EU-China Trade Disputes Likely to Adversely Affect South Korean Stock Market
EU’s import tariff increase or import regulations against China may adversely affect the South Korean stock market.
With trade disputes mounting between the European Union and China, NH Investment & Securities pointed out that the former’s import tariff increase or import regulations against the latter may adversely affect the South Korean stock market.
“In that case, China will impose retaliatory tariffs and the tariffs will deteriorate the global value chain and result in a decrease in global trade volume to have a negative impact on the South Korean stock market,” it explained.
“Still, extreme trade disputes between the European Union and China are rather unlikely because China is currently the largest trade partner for the European Union accounting for 16 percent of its total trade,” it went on to say, continuing, “The disputes are harmful to both sides and are likely to lead to a stronger U.S. dollar vis-à-vis euro and yuan.” It added that both sides are unlikely to make a decision disadvantageous for themselves and advantageous for the United States from the disputes that started between the United States and China.

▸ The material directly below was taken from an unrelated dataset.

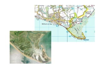 A spit is a landform created by the deposition of sediment transported by longshore drift. Sediment is carried along the coast until the direction changes, causing deposition and the formation of a curved spit. Over time, the deposited sediment builds up in layers from mudflats to salt marsh and eventually freshwater marsh. As wind directions change, the end of the spit may curve further, forming hooked shapes. Spits can grow across river mouths or bays, diverting rivers or connecting islands to mainland via tombolos.

“The European Union is likely to delay its investment treaty ratification with regard to the Uyghur issues,” it also said. The European Union and China signed their comprehensive agreement on investment late last year and the European Parliament is yet to ratify the agreement. Although details of the agreement are yet to be announced, the main purpose of it is to increase European companies’ accessibility to the Chinese market. “The European Union may utilize the delay related to the human rights issues for better relations with the United States and less internal complaints,” it said.